→ **Provided data**
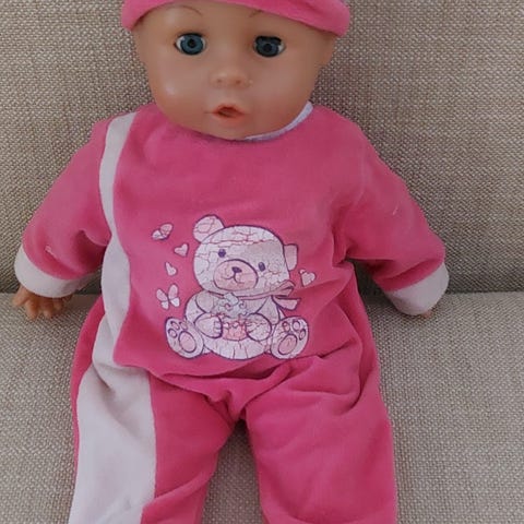 Useilla erilaisilla äänillä ääntelevä nukke. Korkeus 38 cm.
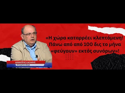 Και καταρρέει την ίδια ώρα που άφθονο χρήμα φεύγει για το εξωτερικό. Ο κ.Καζάκης επικαλούμενος επίσημα στοιχεία λέει ότι από τη χώρα βγαίνουν κάθε μήνα πάνω από 100 δις! «Το Φεβρουάριο βγήκαν 112 δις! Τι είναι αυτά τα λεφτά; Ρωτάω και ξαναρωτάω και απάντηση δεν τολμά να δώσει κανείς», λέει.
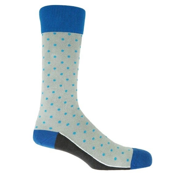 Add a spot of colour with our grey Pin Polka luxury men's socks. With its lively dots and contrasting cuff, heel and toe, the Pin Polka collection is a best seller and a must-have for any sock drawer. A timeless design and the perfect complement to everyday attire.
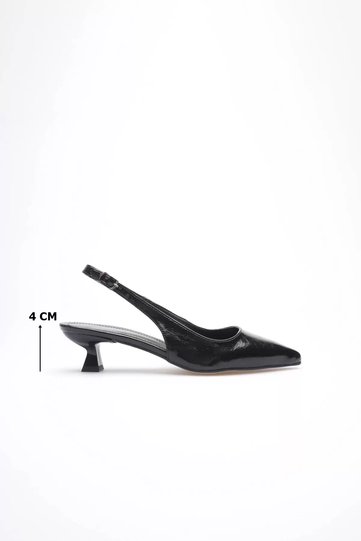Kadın Siyah Kırışık Rugan Sivri Burun Slingback Kısa Topuklu Ayakkabı TR20MS04C

→ **Task prompt**
Line by line, give the material above again exactly, but without any pictures.

→ **Solution for this problem**
 Useilla erilaisilla äänillä ääntelevä nukke. Korkeus 38 cm.
 Και καταρρέει την ίδια ώρα που άφθονο χρήμα φεύγει για το εξωτερικό. Ο κ.Καζάκης επικαλούμενος επίσημα στοιχεία λέει ότι από τη χώρα βγαίνουν κάθε μήνα πάνω από 100 δις! «Το Φεβρουάριο βγήκαν 112 δις! Τι είναι αυτά τα λεφτά; Ρωτάω και ξαναρωτάω και απάντηση δεν τολμά να δώσει κανείς», λέει.
 Add a spot of colour with our grey Pin Polka luxury men's socks. With its lively dots and contrasting cuff, heel and toe, the Pin Polka collection is a best seller and a must-have for any sock drawer. A timeless design and the perfect complement to everyday attire.
Kadın Siyah Kırışık Rugan Sivri Burun Slingback Kısa Topuklu Ayakkabı TR20MS04C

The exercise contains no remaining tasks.